Charter Provisions and Other Arrangements of the Registrant
Article XI of the Registrant's Articles of Incorporation ("Article XI") states that the Registrant shall indemnify its directors, officers, employees, fiduciaries and agents to the fullest extent permitted under the Nevada Revised Statutes. Article XI also states that a director of the corporation shall not be personally liable to the corporation or its stockholders for monetary damages for conduct as a director, except for liability of the director (i) for acts or omissions that involve intentional misconduct by the director or a knowing violation of law by the director or (ii) the payment of dividends in violation of Nevada Revised Statutes 78.300.
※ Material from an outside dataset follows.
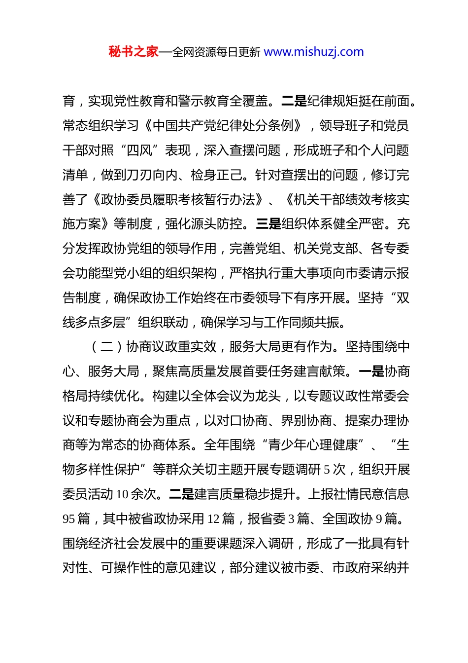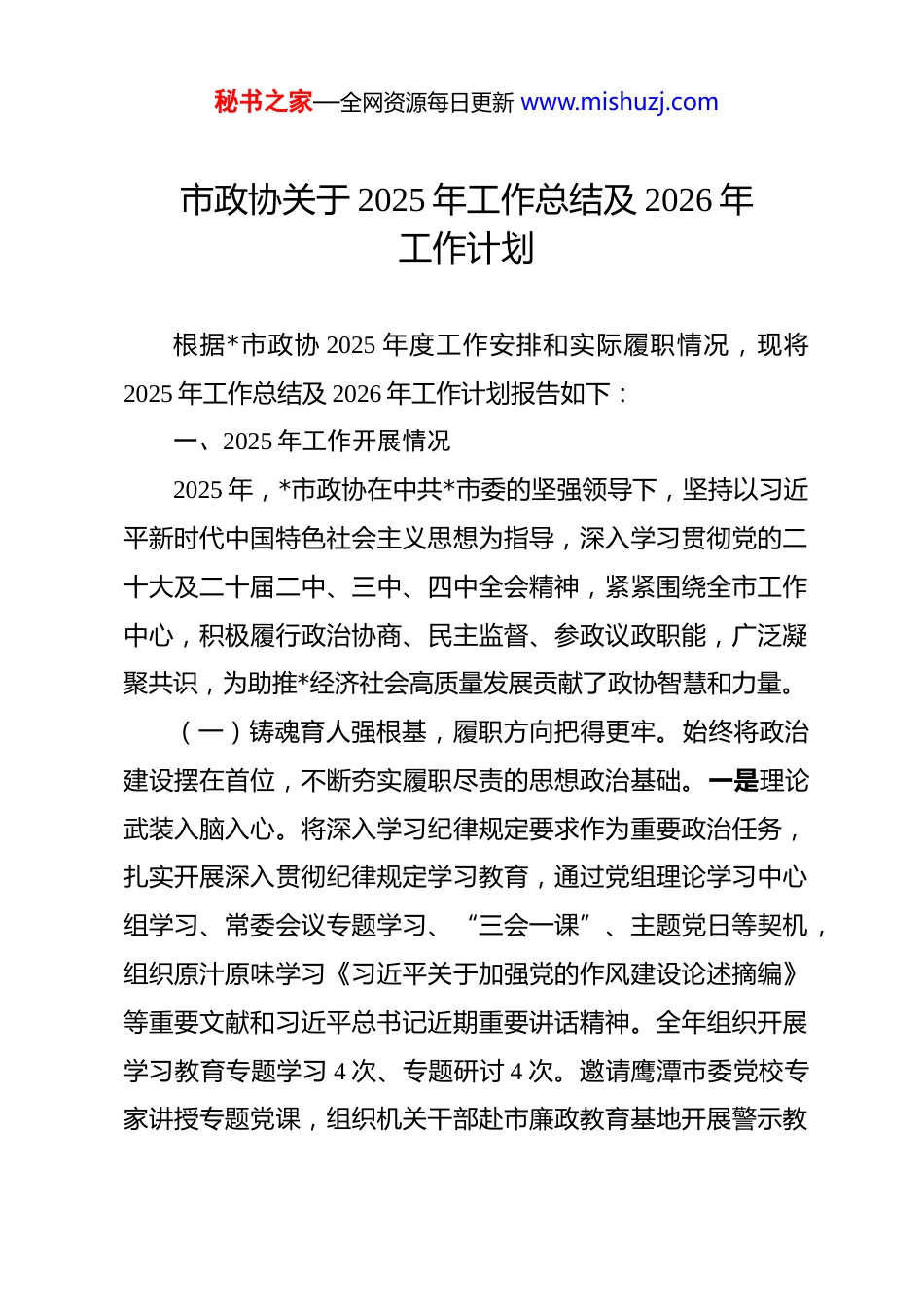 秘书之家—全网资源每日更新 www.mishuzj.com市政协关于 2025 年工作总结及 2026 年工作计划 根据*市政协 2025 年度工作安排和实际履职情况,现将2025 年工作总结及 2026 年工作计划报告如下:一、2025 年工作开展情况2025 年,*市政协在中共*市委的坚强领导下,坚持以习近平新时代中国特色社会主义思想为指导,深入学习贯彻党的二十大及二十届二中、三中、四中全会精神,紧紧围绕全市工作中心,积极履行政治协商、民主监督、参政议政职能,广泛凝聚共识,为助推*经济社会高质量发展贡献了政协智慧和力量。(一)铸魂育人强根基,履职方向把得更牢。始终将政治建设摆在首位,不断夯实履职尽责的思想政治基础。一是理论武装入脑入心。将深入学习纪律规定要求作为重要政治任务,扎实开展深入贯彻纪律规定学习教育,通过党组理论学习中心组学习、常委会议专题学习、“三会一课”、主题党日等契机,组织原汁原味学习《习近平关于加强党的作风建设论述摘编》等重要文献和习近平总书记近期重要讲话精神。全年组织开展学习教育专题学习 4 次、专题研讨 4 次。邀请鹰潭市委党校专家讲授专题党课,组织机关干部赴市廉政教育基地开展警示教秘书之家—全网资源每日更新 www.mishuzj.com育,实现党性教育和警示教育全覆盖。二是纪律规矩挺在前面。常态组织学习《中国共产党纪律处分条例》,领导班子和党员干部对照“四风”表现,深入查摆问题,形成班子和个人问题清单,做到刀刃向内、检身正己。针对查摆出的问题,修订完善了《政协委员履职考核暂行办法》、《机关干部绩效考核实施方案》等制度,强化源头防控。三是组织体系健全严密。充分发挥政协党组的领导作用,完善党组、机关党支部、各专委会功能型党小组的组织架构,严格执行重大事项向市委请示报告制度,确保政协工作始终在市委领导下有序开展。坚持“双线多点多层”组织联动,确保学习与工作同频共振。(二)协商议政重实效,服务大局更有作为。坚持围绕中心、服务大局,聚焦高质量发展首要任务建言献策。一是协商格局持续优化。构建以全体会议为龙头,以专题议政性常委会议和专题协商会为重点,以对口协商、界别协商、提案办理协商等为常态的协商体系。全年围绕“青少年心理健康”、“生物多样性保护”等群众关切主题开展专题调研 5 次,组织开展委员活动 10 余次。二是建言质量稳步提升。上报社情民意信息95 篇,其中被省政协采用 12 篇,报省委 3 篇、全国政协 9 篇。围绕经济社会发展中的重要课题深入调研,形成了一批具有针对性、可操作性的意见建议,部分建议被市委、市政府采纳并秘书之家—全网资源每日更新 www.mishuzj.com转化为具体政策举措。三是民主监督精准发力。聚焦教育、医疗、养老、食品安全等民生领域,组织委员开展专项视察和监督性调研 9 次。针对城市管理、环境卫生、道路交通安全等问题,通过“协商为贵”委员工作群等平台推动解决民生实事 30余件,提升了民主监督实效。设立政协委员“民生实事商量办”协商成果转化专项资金 200 余万元,推动 30 个民生实事项目落地,惠及群众超 10 万人。(三)团结民主聚共识,桥梁纽带更加紧密。坚持大团结大联合,有效发挥统一战线组织功能,广泛汇聚发展合力。一是合作共事富有成效。加强与各民主党派、工商联、无党派人士和各人民团体的联系沟通,优先安排其在政协各类会议上发表意见,联合开展调研视察。积极为党外知识分子、非公有制经济人士、新的社会阶层人士履职建言创造条件。二是凝聚共识形式多样。成功举办“同心筑梦”书画摄影展等活动,展现发展成就,凝聚奋进力量。组织委员深入乡镇、社区、企业开展政策宣讲、理论普及活动,协助党委政府做好协调关系、化解矛盾、理顺情绪的工作。三是联系界别用心用情。完善委员联系界别群众制度机制,鼓励委员深入基层听取民意、反映诉求。优化“数字政协”平台功能,通过网站和微信公众号发布信息,扩大政协工作社会影响。利用线上平台开展网络议政,秘书之家—全网资源每日更新 www.mishuzj.com拓宽委员履职和公众参与渠道。二、工作中存在的问题与不足在总结成绩的同时,我们...

Article XI also requires that every person who was or is a party or is threatened to be made a party to or is involved in any action, suit or proceedings, whether civil, criminal, administrative or investigative, by reason of the fact that he or a person for whom he is the legal representative is or was a director or officer of the Registrant or is or was serving at the request of the Registrant as a director or officer of another corporation, or as its representative in a partnership, joint venture, trust or other enterprise, shall be indemnified and held harmless to the fullest extent legally permissible under the law of the State of Nevada from time to time against all expenses, liability and loss (including attorney’s fees, judgements, fines and amounts paid or to be paid in settlement) reasonably incurred or suffered by him in connection therewith. Such right of indemnification shall be a contract right that may be enforced in any manner desired by such person. Such right of indemnification shall not be exclusive of any other right which such directors, officers or representatives may have or hereafter acquire and, without limiting the generality of such statement, they shall be entitled to their respective rights of indemnification under any By-Law, agreement vote of stockholders, provision of law or otherwise, as well as their rights under this Article.
Any repeal or modification of Article XI by the Registrant's stockholders shall not adversely affect any right of any individual who is or was a director of the corporation which existed at the time of such repeal or modification.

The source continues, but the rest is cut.